Regex searches on text files

Paul R1
14 discussion posts

I've observed another behaviour which I'd like to bring to your attention regarding regex searches. I was finding that my searches were apparently just hanging. After some investigation what I've found is that it's not a hang but rather an exponentially increasing search time when carrying out a regex search on a text file. I found it on a very large csv file but the same is true for text files as they use the same handler (query.dll).

Actually it seems to be because I'm using a positive lookahead so it may just be a fact of life but I tried doing a search on a text file that I kept doubling in size with the following results:

test 1 - 20 lines/726 characters - positive lookahead search takes 4.815 seconds
test 2 - 40 lines/14572 characters - positive lookahead search takes 18.884 seconds
test 3 - 80 lines/29144 characters - positive lookahead search takes 75.012 seconds

So typically a doubling of the file size quadruples the search time. Note that if I do a simple regex search on the 80 line file the time is 0.14s compared to 0.13 seconds using a non-regex search so the positive lookahead really kills it. My problem was that my regex search was hitting a file that was about 400Mb in size hence the whole thing appeared to hang.

One other interesting thing I observed was that when I ran such a search, looking at the task manager on my laptop showed that fileseek was consuming about 25% of my CPU cycles. I simply stopped the search and the pause and stop buttons greyed out seemingly indicating that the search had stopped but fileseek continued to consume 25% of the CPU. If I then restarted the search fileseek started to consume 50% of my CPU. Repeating the cycle jumped it another 25%. So apparently stopping the search doesn't stop the thread doing the work and if you do this a few times your computer grinds to a halt. However closing fileseek completely does resolve the problem.

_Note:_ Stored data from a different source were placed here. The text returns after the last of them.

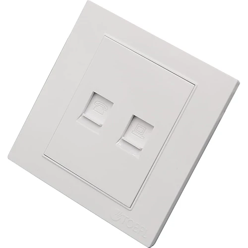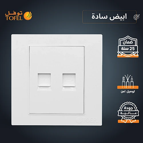 فيش منفذ كمبيوتر مع هاتف تلفون لون ابيض ساده توفل
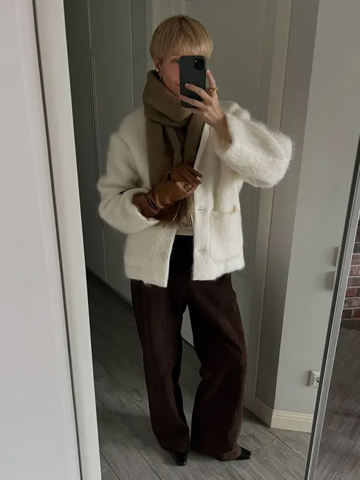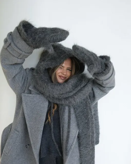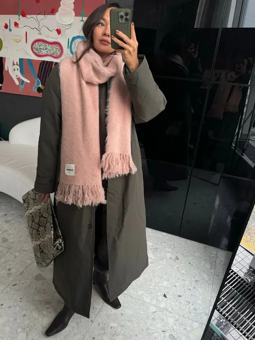 Шарф — один из самых недооцененных айтемов. Мы привыкли воспринимать его как «необходимость» и забываем, что он способен полностью изменить ансамбль. Добавить мягкости строгому пальто. Структурировать объемный пуховик. Сделать монохромный аутфит выразительным. Почему именно мохер? Это материал с историей. Он производится из шерсти ангорских коз, и отличается особой фактурой: воздушной и пушистой. Чистый мохер слишком легкий и деликатный, поэтому для пряжи используют смешанный состав: его дополняют овечьей шерстью или акрилом. Мохеровые шарфы существуют в двух направлениях. Базовые — в натуральных оттенках (молочный, лунный серый, карамельный, графит). И акцентные — яркие, насыщенные, в полоску или клетку (зеленый, красный, оранжевый, кобальтовый). Последние вариации идеально подходят тем, кто любит колор-блок и хочет добавить в образ энергии. А если вы предпочитаете шарфы спокойных цветов, которые подойдут абсолютно ко всему, поздравляем. Вы в этом не одиноки. И ни один из вариантов не выглядит модной прихотью: это приобретение, которое работает годами.
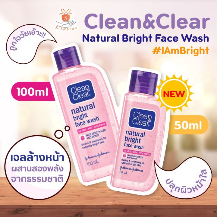 Clean&Clear คลีน แอนด์ เคลียร์ เนเชอรัล ไบรท์ เฟซ วอช 50 มล./ 100 มล.
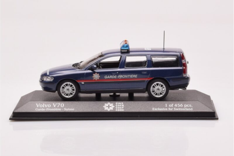 A 1:43 scale model measures approximately 10-12 cm (approximately 4-5 inches). The Volvo V70 Garde Frontiere Suisse Minichamps 1:43 is perfect for display in a glass cabinet or on a shelf.
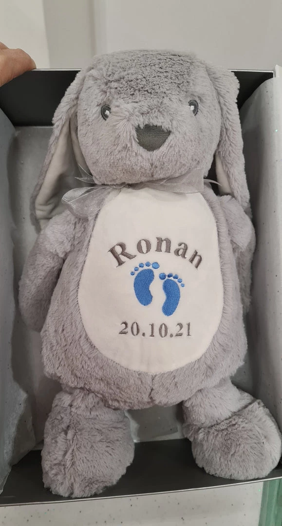 These adorable soft bunnies make an absolutely fabulous keepsake for your little ones to keep forever .They are beautifully embroidered and available in 2 design options for a boy or a girl and created in our showroom here in Dublin
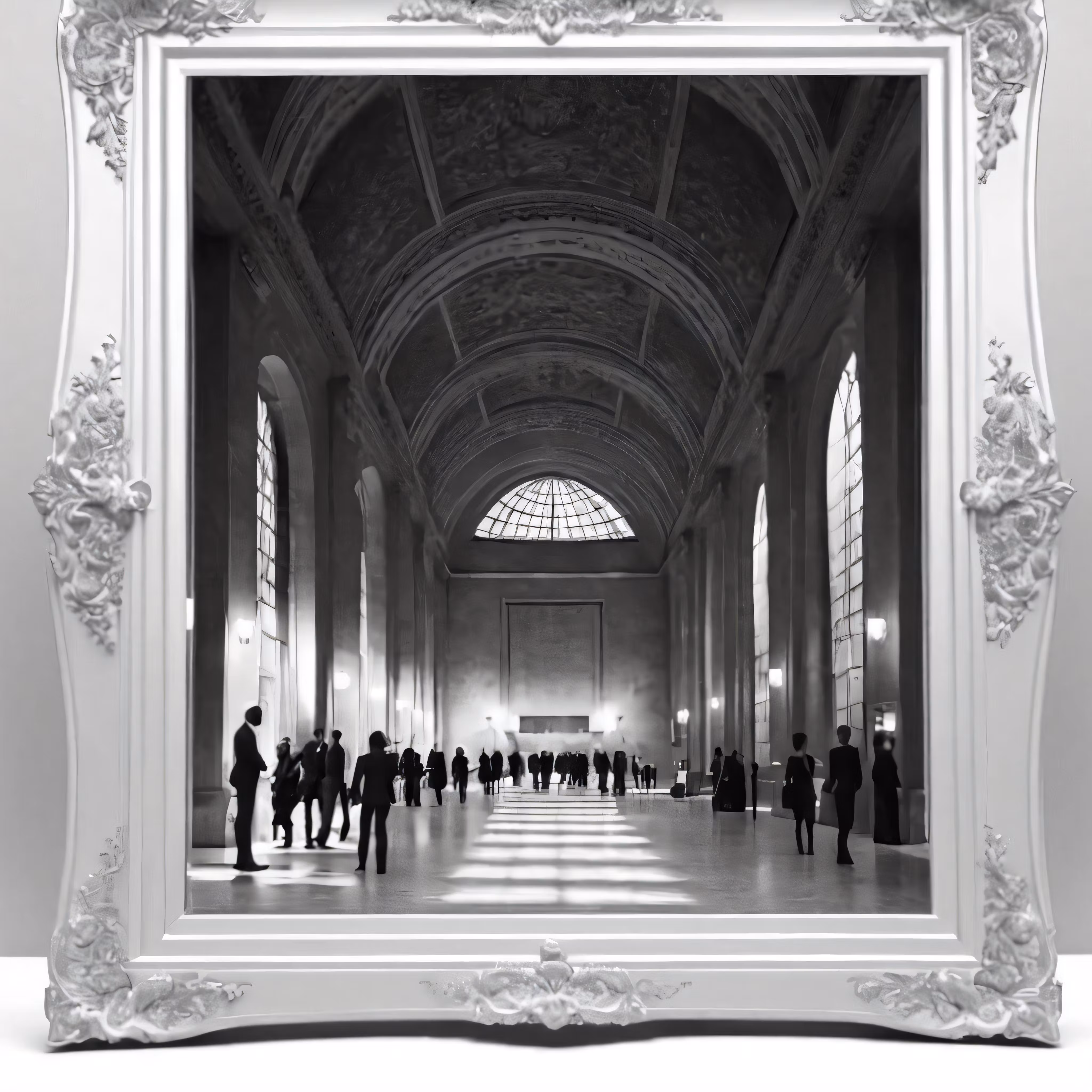 High resolution picture, free to use, a black and white photograph of people walking through a large building
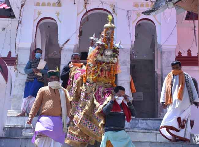 गंगा के शीतकालीन प्रवास स्थल मुखवा में तीर्थ पुरोहितों शनिवार की सुबह से ही मां गंगा की पूजा अर्चना शुरू कर दी थी। जिसके बाद पुरोहितों ने मां गंगा की मूर्ति को सजाया। डोली में बिठाया। दोपहर ठीक 12.30 बजे अभिजीत मुहूर्त पर गंगा की उत्सव डोली को लेकर पुरोहित गंगोत्री की ओर रवाना हुए। इस दौरान मुखवा गांव निवासियों सहित हर्षिल, धराली, बगोरी के ग्रामीणों ने घरों से ही मां गंगा को हाथ जोड़े और फूल चढ़ाए।

FYI I was using a number of positive lookaheads as I was trying to do the regex equivalent of an AND function
Oct 24, 2014 (modified Oct 24, 2014)  • #1
RegEx lookaheads are really intensive, unfortunately. There's not much we can do there in terms of performance. Here's an interesting thread on RegEx performance: (not required reading, I just found it interesting :))

As for aborting the search, you're correct, at the moment we wait for it to finish the current file before terminating the thread. This is to avoid leaving a file lock open on the file that's being searched. We can certainly look into whether there's a way to work around that though.

Could you tell me the RegEx string that you're using? We'll test it out here with a huge file to see if we can improve the search stopping code :)

Oct 24, 2014 (modified Oct 24, 2014)  • #2
Paul R1
Ie a regex version of oracle+audit but using \b to delimit the words in order to prevent matches to other words like plaudits (actualy audit* hence no \b after audit)

I thought it might be an unavoidable issue but now I know about it I can make some compromises and work around it.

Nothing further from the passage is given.